Advisors and financial planners work in a highly regulated industry. Over the last 20 years, my annual compliance efforts and expenses have increased from a dozen hours and a few hundred dollars to dozens of hours and five figures. It’s a price I’m willing to pay to remain in an intellectually interesting, behaviorally challenging and (still) well-paid profession.
SEC and state regulators are focusing more of their attention on cybersecurity — conducting sweeps of broker-dealers and advisors to evaluate firms’ vulnerabilities. Brokers, advisors and planners are being warned to get their act together or face serious regulatory consequences. At a recent seminar, I heard compliance experts caution any of us who lacked meaningful cybersecurity protocols to get our digital act together, and quickly.
When compliance consultants run a seminar, their job is to scare us so we’ll hire them. However, this time their tactics were well-founded. The SEC is dead serious about this matter, and it should be.
I am not an expert. Outside of my own experience (17 years operating a completely digital office), I’ve spent maybe a month actively researching cybersecurity, cybercrime, cyberterrorism and all things related to this issue.
Despite that handicap, the conclusion of the experts whose papers I’ve read was unambiguous: If you are a financial professional and you are not doing everything you can to tighten up your digital security, the SEC will be the least of your problems.
Our businesses, our government and much of our personal lives rely on the existence of a healthy and robust digitally interconnected world. Yet the very real danger from cyberthreats doesn’t create the same instinctive fear response we experience with physical risk.

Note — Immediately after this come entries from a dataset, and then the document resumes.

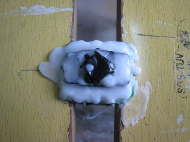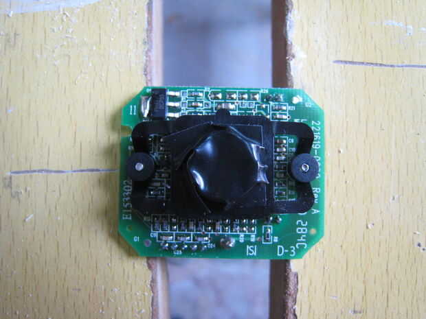Humedad y de PCB generalmente no van juntos bien. Así que... la manera más fácil 'a prueba de humedad', se lo sumergimos en candlewax (parafina). He quitado la parte enfocable de la leva y poner alguna cinta negra en. Encendió algunas velas y esperaron. Y esperaron.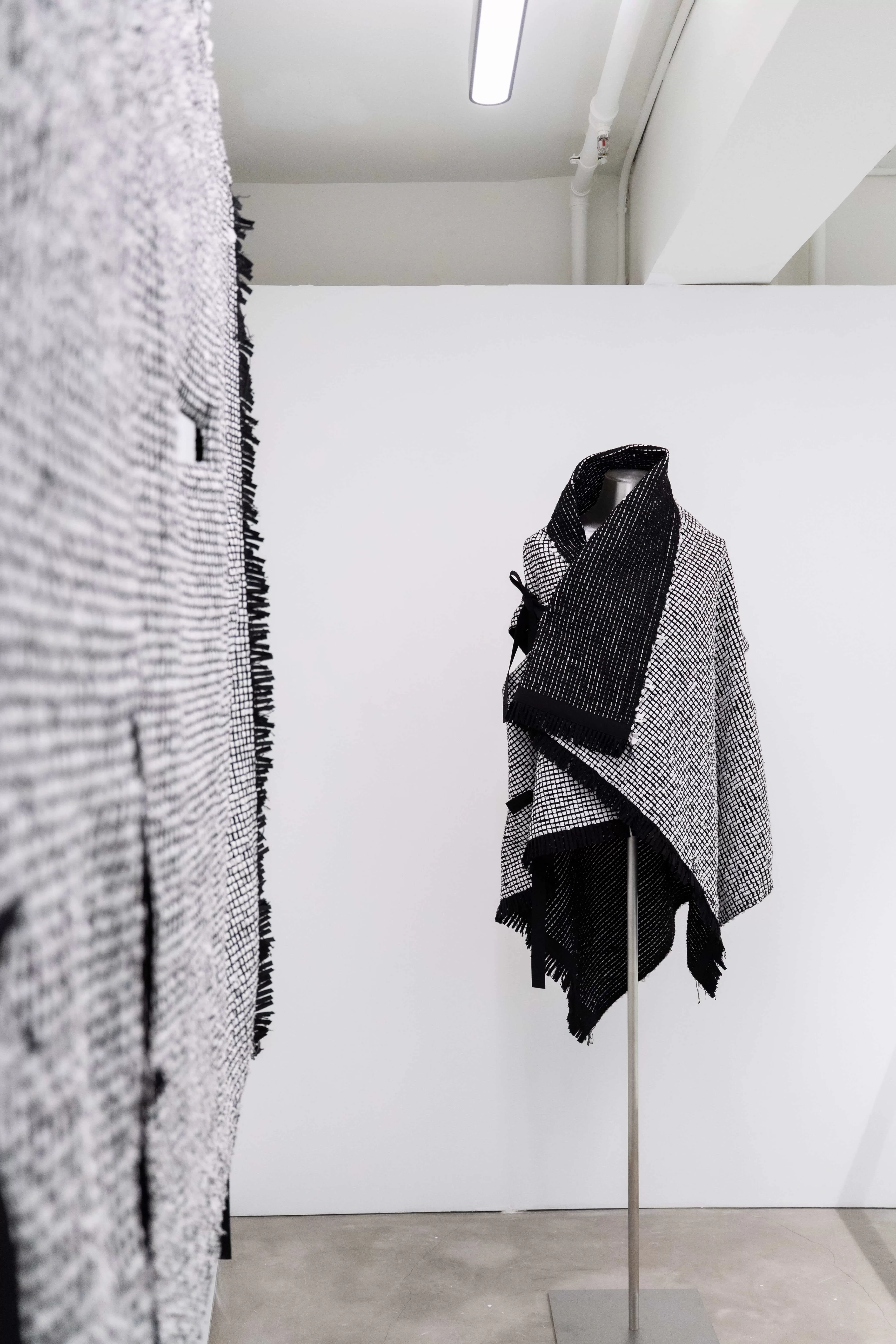 Sakiori 指的是日本傳統的再生織布技術,將撕裂成條的舊布料重新編織成新布料。為了善用現有的布料,本系列將這一技術加以演變,運用品牌自創立以來標誌性系列 FLAT 中的部分植物基聚酯面料,將布料對角剪成條狀,並將其同時用於經線與緯線的編織。織物表面的多變質地帶有自然的流蘇細節,由於手工製作的工藝,每件作品皆為獨一無二。背心款式的穿法極具靈活性,將手臂穿過開口,並像圍巾般將布料包裹於身體。
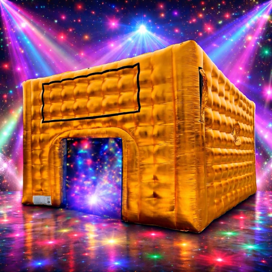 Nightclub hire Gold rave nightclub #16x16ft & in Dewsbury, Leeds, Bradford & throughout West Yorkshire — bring festival-grade energy to any event. This gold inflatable nightclub creates an immersive, high-energy party space. It’s 16ft x 16ft with an 11.9ft peak. The dome holds a full dance floor. Guests see, hear, and feel a real nightclub atmosphere. Perfect for birthdays, DJ sets, and private raves. 🔊💃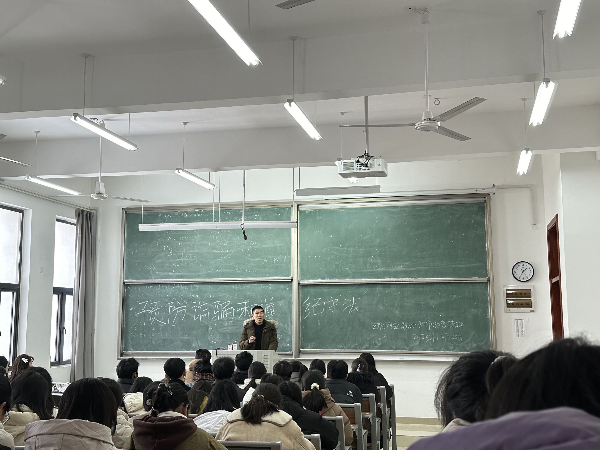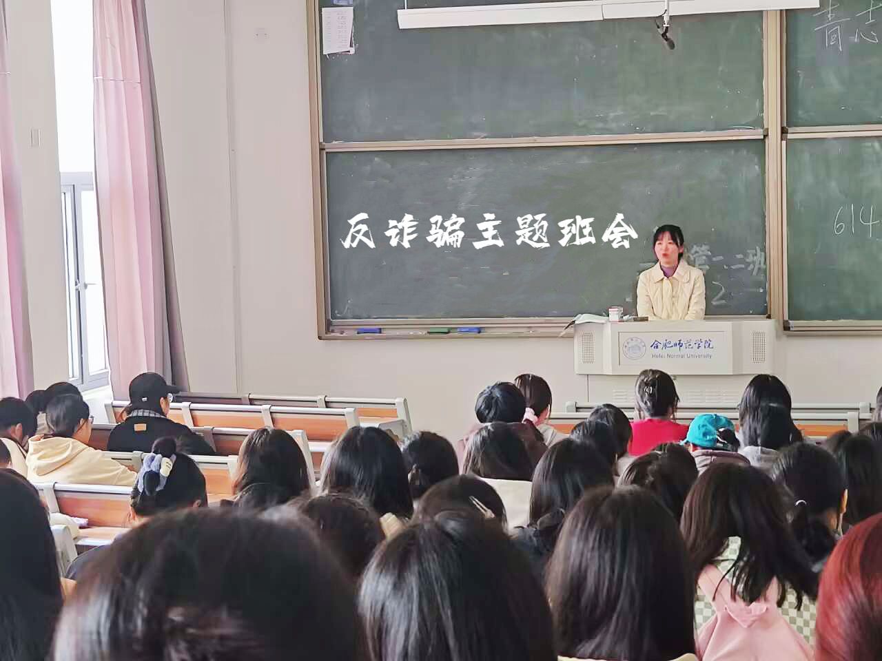 另外,杜姣老师、蒋诗伟老师、范颖老师和学生干部分别从筑牢防线、树立正确的消费观念,提高认识、维护人身财产安全,破除侥幸、预防电信被骗、诈骗等几个方面召开主题班会。

In addition, because we have no collective or personal memories of what it feels like to experience a digital calamity, we can’t conjure up what it would feel like. This makes it next to impossible to feel a sense of urgency.
I think that our understanding of these threats will become more tangible if we reframe them outside of their digital context and try to imagine an analogue within in the physical world.
Let’s say that on an otherwise ordinary morning, you are walking down the hall to your office. As you approach the door, you notice it’s ajar. You carefully open it, and discover that your office is full of strangers.
Most of them are just sitting silently doing nothing; others are asleep on the floor. A few are in your file room stuffing account records into a large safe, while others are just rummaging through files making a complete mess of them. No one appears to notice or care that you are there.
As you look around the office there are holes in the floor, in the walls, on the ceiling — even through the window. Every once in a while you see someone climb in or out of one of these holes — and you realize there are a lot of intruders in your little office. Looking back at the front door, you notice someone changing the lock.
You snap back into reality, pull out your mobile phone and call security. Two minutes later, a security guy is standing in your office. You ask, “How long has your company been protecting our building?” He says, “Almost 10 years.”
Motioning to all the corners of your office you ask, “Then how could you guys have missed all of this?” He looks around and pauses for a moment, “Sir, everything here looks good, what appears to be the problem?”
In the physical world, perpetrators who attack individuals, corporate or government infrastructure can be identified, pursued and brought to justice — even (with some exception) if they live outside the U.S. Our ability to successfully go after an attacker is a meaningful deterrence to others who have similar objectives and is a major reason there have been so few physical incidents within our borders.